A Continuous Fluorescence Microplate Assay for Epidermal Growth Factor Receptor (EGFR) Wild-Type and Mutant Tyrosine Kinase Activity

As a member of the ErbB/HER protein family, the human epidermal growth factor receptor (EGFR) includes four structurally related receptor tyrosine kinase (RTK) enzymes that are activated by different ligands. The binding of EGF to the extracellular domain of the EGFR RTK results in autophosphorylation of the dimer, which activates a series of downstream signaling cascades that regulate multiple cellular functions. When deregulated, it is one of the most frequent causes of solid tumors². This family of ligand-binding, activatable, receptor-based enzymes are active targets for research and drug discovery³, particularly in combination with other small molecule drugs or antibody-based therapies⁴.

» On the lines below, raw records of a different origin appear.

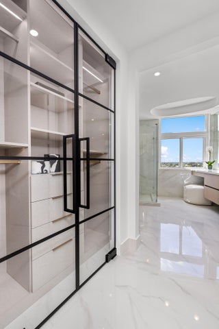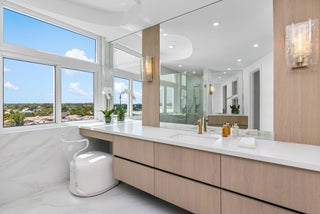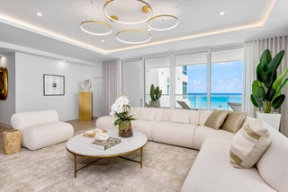 Introducing Residence C-5 at Aragon, Boca Raton's premier oceanfront address, where contemporary elegance meets refined coastal living. Masterfully re-envisioned by renowned designers Michael Gray and Lori Keezer, this immaculate residence offers a seamless blend of sophistication, comfort, and breathtaking ocean views. Encompassing 3,764 square feet of exquisitely designed interiors, the home showcases 3 spacious bedrooms and 3.5 impeccably appointed baths, each reflecting a balance of timeless design and modern sensibility.Step off your private elevator into an inviting entry foyer that leads directly into an expansive great room framed by walls of glass that capture panoramic views of the Atlantic. This light-filled living space opens onto a generous ocean-facing terrace, ideal for both quiet relaxation and stylish outdoor entertaining. The primary suite is a private retreat, with serene ocean views, custom-designed lighting, and luxurious textures throughout. It boasts a bespoke walk-in wardrobe and an opulent spa-style bath, complete with double vanities, a sculptural soaking tub, and a large marble-clad shower. Each of the secondary bedrooms offers its own distinct charm, with en-suite baths, designer finishes, and bespoke details, ensuring both comfort and privacy for residents and guests alike. At the center of the home is a state-of-the-art kitchen, designed for both beauty and performance. Outfitted with sleek integrated appliances, rich custom cabinetry, and striking book-matched stone surfaces, the kitchen features a sculptural waterfall island that serves as both a functional workspace and social hub, artfully lit with contemporary pendant fixtures. Additional highlights include a well-appointed laundry room, a discreet powder bath near the entry, and two premium garage parking spaces. Aragon is a full-service, boutique-style oceanfront building offering exclusive amenities, including a private residents-only beach area, oceanfront pool, and 24-hour concierge services. With an unbeatable location, moments from the Boca Beach Club, upscale shopping, and fine dining, Residence C-5 presents a rare opportunity to experience the pinnacle of coastal living in one of Boca Raton's most prestigious communities.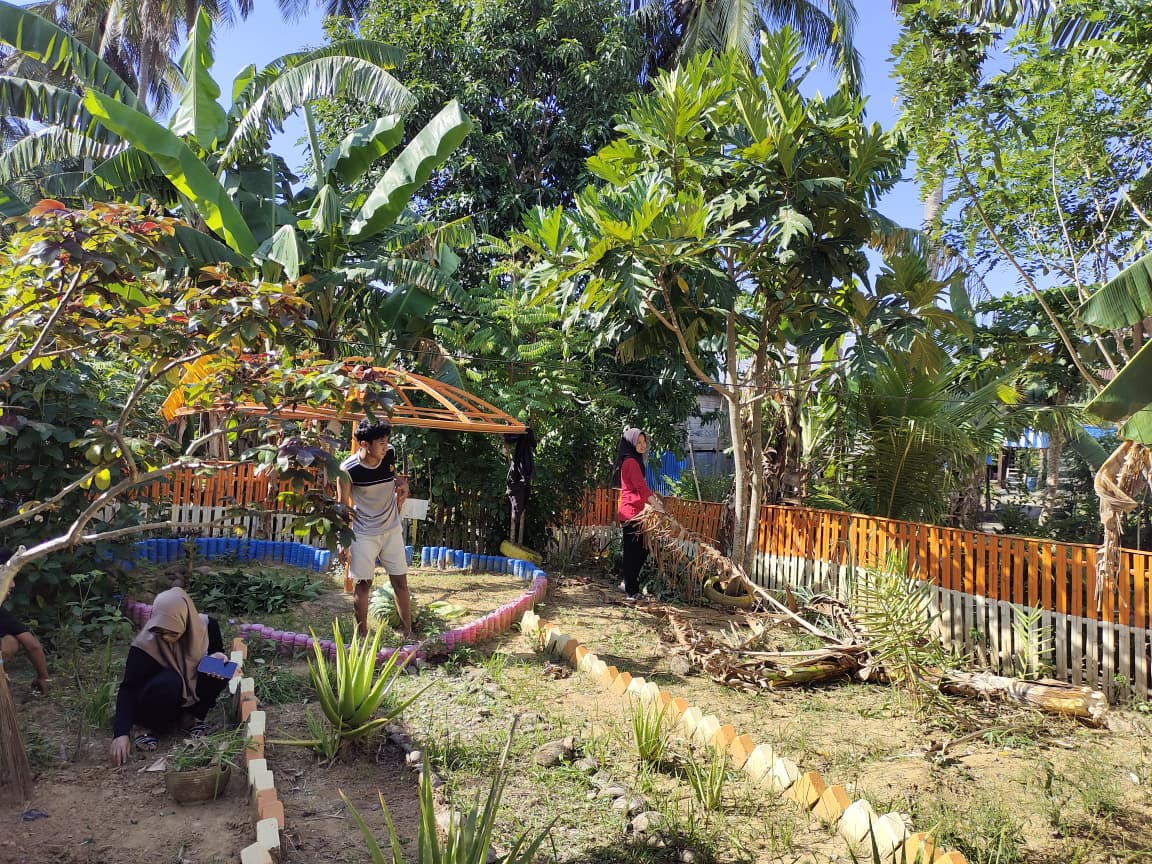 Kegiatan tersebut melibatkan Kepala Desa Mario beserta perangkat desa, mahasiswa KKN, serta masyarakat setempat yang turut berpartisipasi dengan penuh semangat. Adapun rangkaian kegiatan meliputi pembersihan sampah, pemangkasan rumput liar, serta penataan tanaman obat keluarga (TOGA) agar terlihat lebih rapi dan tertata.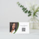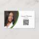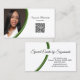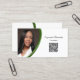 A green border sets off the photo on this business card design featuring a photo placeholder on the left with template name, title and QR code on the right. The back includes a colour coordinated design with text fields for the business name and details. Replace the placeholder photo with your vertical format photograph and your QR code on the front. Fill in the template fields, remove text or click customize to select a font style, size, and colour you like. Use your QR code to send customers to a website, reviews page, photos or other special page. The placeholder photo is courtesy pixabay.com.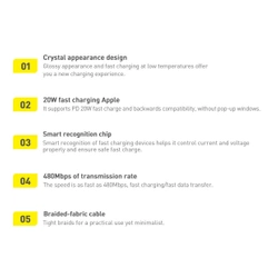 Kompatybilność ze standardem szybkiego ładowania USB Power Delivery pozwala na wiele szybsze naładowanie telefonów iPhone (modele z serii 8 i wyższe – X, XR, Xs, 11, SE2, 12, 13) oraz iPadów (Mini5 7.9 inch, Air3 10.5 inch, Pro 10.5 inch, Pro 12.9 inch i 8/10.2 inch). Kabel obsługuje również przesyłanie danych z prędkością do 480 Mbps. Co ważne, inteligentny układ sterowania kontroluje temperaturę urządzenia podczas ładowania. Masz więc pewność, że kabel Baseus Crystal Shine Series nie przegrzeje się nawet podczas intensywnej pracy.
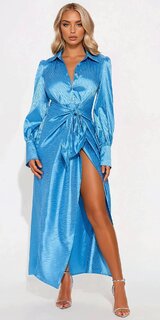 Saténové maxi šaty košeľového strihu s viazaním v modrej farbe Zväčšiť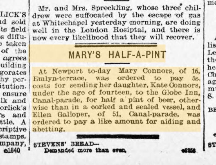 “At Newport to-day Mary Connors, of 16, Emlyn terrace, was ordered to pay 5S. costs for sending her daughter, Kate Connors, under the age of fourteen, to the Globe Inn, Canal-parade, for half a pint of beer, other-wise than in a corked and sealed vessel, and Ellen Galloper, of 51, Canal-parade, was ordered to pay a like amount for aiding and abetting.”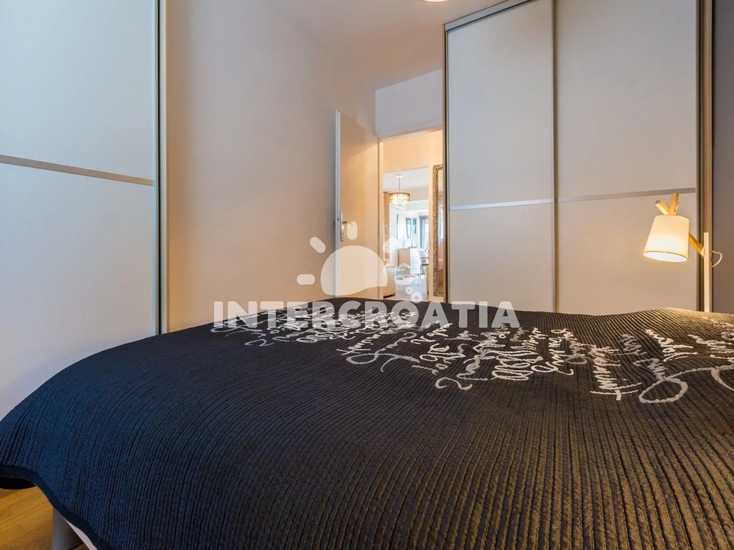 Apartmán (85 m2) s výhledem na moře se nachází v 1. patře a je vhodný pro 4 až 6 osob. Obývací pokoj je spojený s kuchyní. Kuchyňská linka je vybavena sklokeramickou varnou deskou, digestoří, vestavěnou troubou, myčkou na nádobí, mikrovlnnou troubou, rychlovarnou konvicí, kávovarem, toustovačem, nádobím a lednicí s mrazákem. Obývací pokoj s jídelním stolem pro 6 osob, sedací soupravou, pohovkou (rozložitelná na extra lůžko pro 2 osoby), televizí se satelitním programem a klimatizací. První i druhá ložnice je vybavena vždy s jedním dvoulůžkem. Koupelna se sprchovým koutem, umyvadlem a wc. Hostům je k dispozici parkování u objektu zdarma.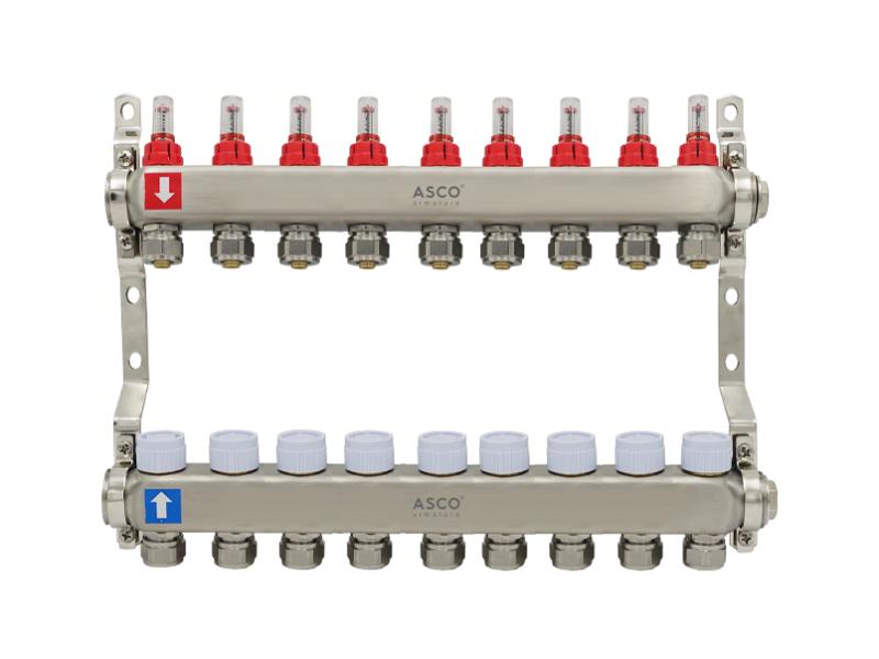 Колекторна група ASCO armatura використовується в системах водопостачання та опалення. Вона забезпечує рівномірну підтримку тиску та надходження води для всіх приладів та контурів у системі водопостачання (крани, душ, пральна машина тощо) або опалення (тепла підлога). Виготовлена з нержавіючої сталі та має дев'ять виходів з різьбою 1" для підключення металопластикових труб або РЕХ-труб Ø16 мм з товщиною стінок 2 мм. Для зручності контролю роботи оснащена вбудованими витратомірами. Колекторна група постачається у фірмовій картонній коробці зі штрихкодом. У комплект входить колекторна група з кріпленнями. Розмір коробки: 47,5 х 34 х 4,5 см. Виробництво: Китай.

The efficacy of a particular kinase inhibitor, when combined with a particular monoclonal antibody or another small molecule drug, is highly dependent on the mechanism of the inhibitor. Therefore, tyrosine kinase activity assays enable the identification of diverse inhibitor properties, allowing profiling and ranking of lead candidates early in the discovery process. They are likely to be more fruitful for developing combined therapeutic approaches due to the careful characterization of structural variants during candidate optimization.

Below we describe our development of a continuous, real-time, fluorescence-based assay for EGFR tyrosine kinase inhibitors using PhosphoSens^® Technology to provide critical kinetic data necessary for the detailed characterization and ranking of lead candidates. Designed for use with a simple add-and-read workflow and standard fluorescence microplate reader, PhosphoSens Technology is both novel and non-disruptive, delivering a progress curve in every well. Our continuous assay format can readily distinguish covalent from reversible inhibitors based on residence time, following our Time-Dependent Inhibition (TDI) workflow. While being highly reproducible and easy to use, our methodology works with wild-type (natural) EGFR and a panel of clinically-relevant mutants. In addition to our continuous, kinetic format, we developed a partner end-point assay, PhosphoSens-Red, to allow for the structural optimization of lead candidates in high-throughput mode, even for highly auto-fluorescent compounds.

Key Takeaways

We developed a robust Sox-based fluorogenic substrate assay for the EGFR tyrosine kinase and relevant clinical mutants, that provides a continuous, real-time, one-step, format suitable for standard fluorescence microplate readers, in 96-well, 384-well or 1536-well mode.  This EGFR PhosphoSens®assay provides detailed kinetic information about inhibitor candidates, allowing rapid, in-depth analysis to rank and profile lead compounds.  In addition, the compatibility of the method with automation equipment makes it applicable for primary or secondary high-throughput screens, where both the continuous and Endpoint/Red (TRF) formats eliminate compound autofluorescence.  Using kinetic parameters to elucidate mechanism of action for new inhibitor candidates is enabling more rapid development of improved drugs that also  creates the opportunity for multi-drug and antibody-drug combinations to address the challenges seen in the clinic.